Obon is observed each year on July 13th, which is when Buddhist theology says that the souls of the departed rejoin their families for three days. The celebration has important religious components, including prayers that are offered to help the departed find their way in the afterlife. Celebrants recognize the sacrifices of both their living family and their ancestors through prayers and celebrations. Some people compare Obon with the Mexican celebration of the “Day of the Dead”. To learn more about this festival and others in Japan, I recommend getting the Lonely Planet Japan Travel Guide.
The history of Obon is hard to track, but it is widely recognized as having been practiced since at least the 7th century AD. While many parts of the festival have changed in name and practice, there are also many parts of the celebration that are practiced according to ancient tradition. For example, families will clean their homes during the festival and create a plate of special foods (often fruits and vegetables) which are placed on the Buddhist family alter known as a butsudan. The alter is also decorated with flowers and beautiful paper lanterns called couchin along with other offerings. Many families also participate in family reunions during Obon, and young people often return from bigger cities to their small home towns to spend time with their families, care for the graves of ancestors, and leave offerings for family members who have passed on.
The Bon-Odori dance that is performed as part of the festival comes from a story about a disciple of Buddha called Mokuren. Mokuren used his special powers to look into the afterlife to check on his mother who was suffering after she had fallen into the Realm of Hungry Ghosts. Mokuren went to Buddha and asked how he could end his mother’s suffering, and Buddha told him to make offerings to the Buddhist monks who had returned from their retreat on the 15th day of the seventh month of the year. After Mokuren had made these offerings, his mother was released from her suffering and was so happy that she danced with joy, thankful that her son understood the love that she had given him in the past. The Bon-Odori dance gets it name from this dance, and the dance is performed during the Obon festival to show appreciation and love that is felt for one’s ancestors. The exact dance varies from area to area, reflecting the history of that specific area and dancers will use different fans or wooden clappers to create rhythms for the dance.

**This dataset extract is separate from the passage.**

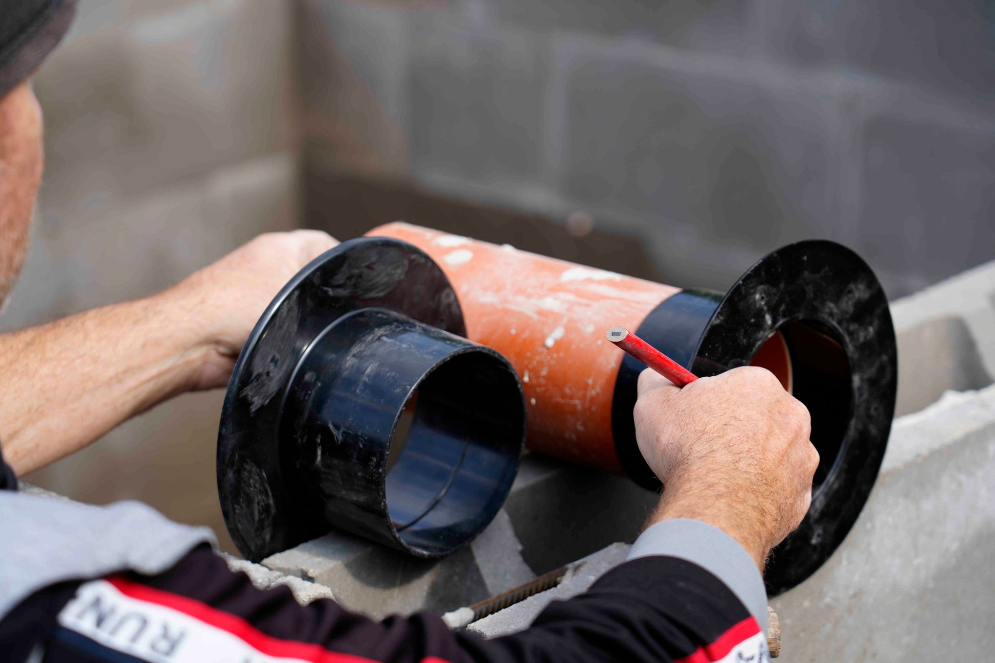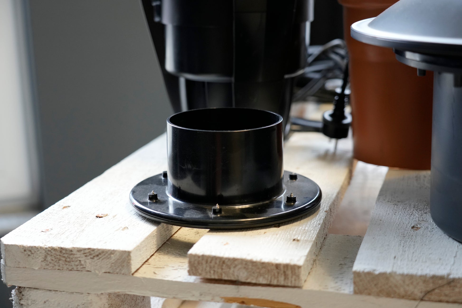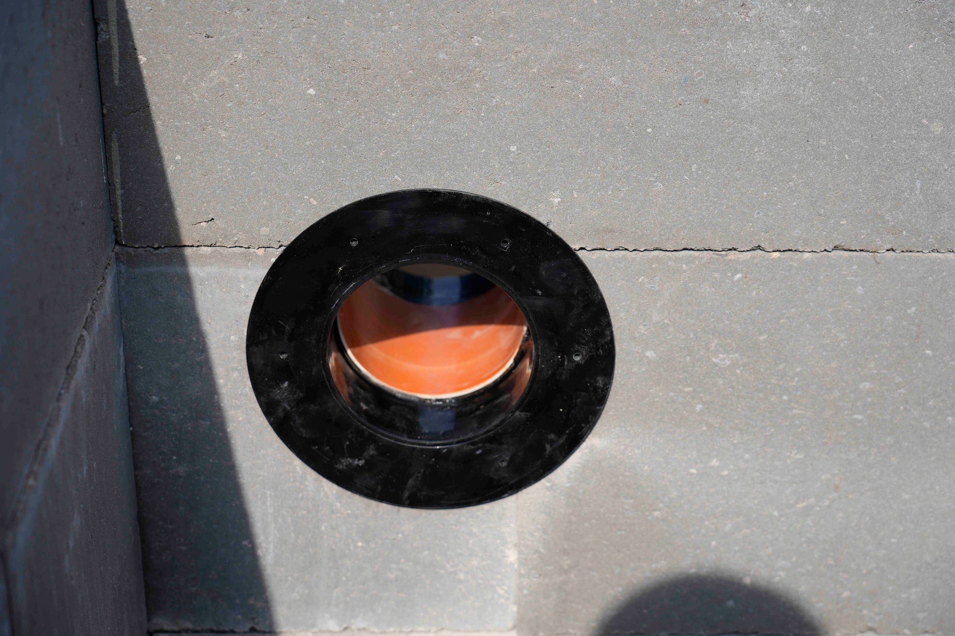 Der Bodenablauf bietet einen 110mm Anschluss in den z.B. KG-Orange oder PVC-Rohr eingeklebt werden kann.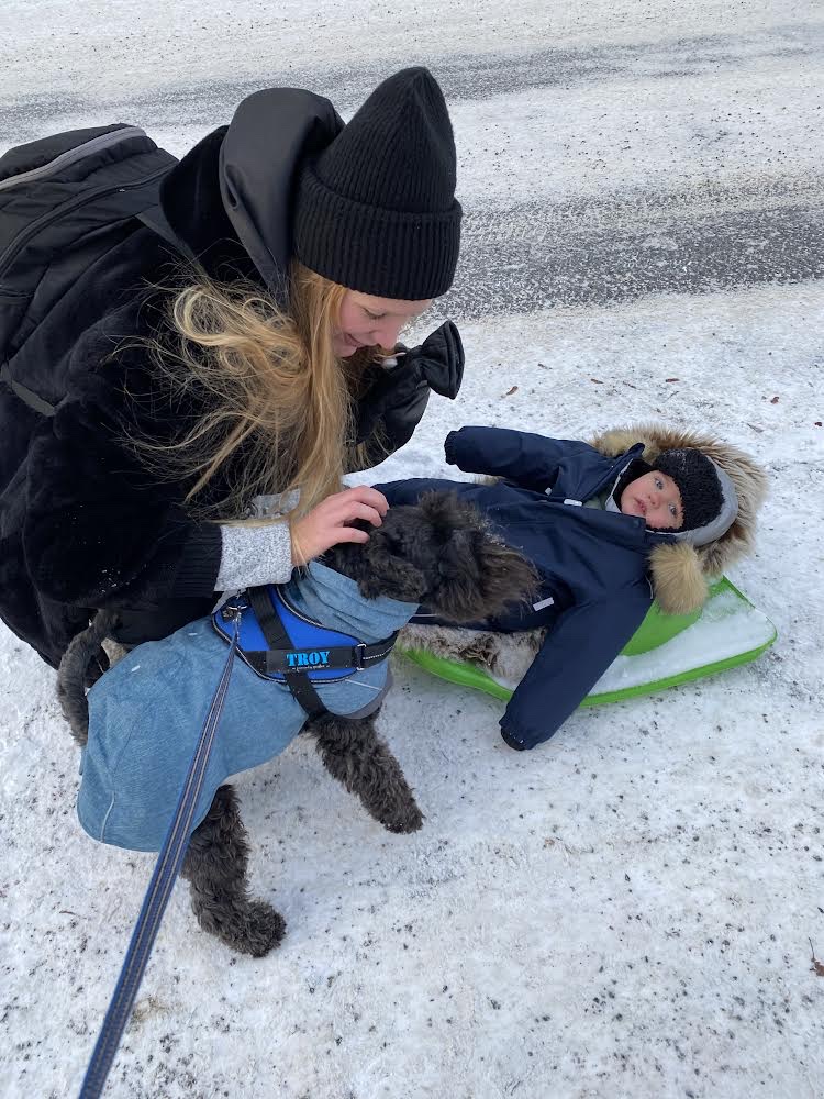 Vi mötte en tjej som hade en liten tös på släp i en pulka. Bebisens mamma sa hej till Troy och han svarade direkt genom att gå fram till henne och stryka sig mot hennes ben, hon satte sig på huk och kliade honom. Försiktigt och sakta närmade han sig bebisen och pussade henne lite. Hon tycker om hundar och skrattade högt av pussen Troy blev alldeles överlycklig och pussade försiktigt igen. Matte sa nu får det räcka nu måste vi gå för det är svinkallt. Bra att hon ingrep för annars hade han stannat kvar och fortsatt pussas hur länge som helst.

Floating paper lanterns called Toro Nagashi are another important part of Obon. On July 15th, people gather by the riverside and release a small, floating paper lantern that represents a departed ancestor into the water. As the individual lanterns join together in the water, they create a beautiful sight as they travel together toward the sea. Obon is a festival that celebrates the importance of family, home, and tradition, and many Japanese people see it as a time to renew these connections.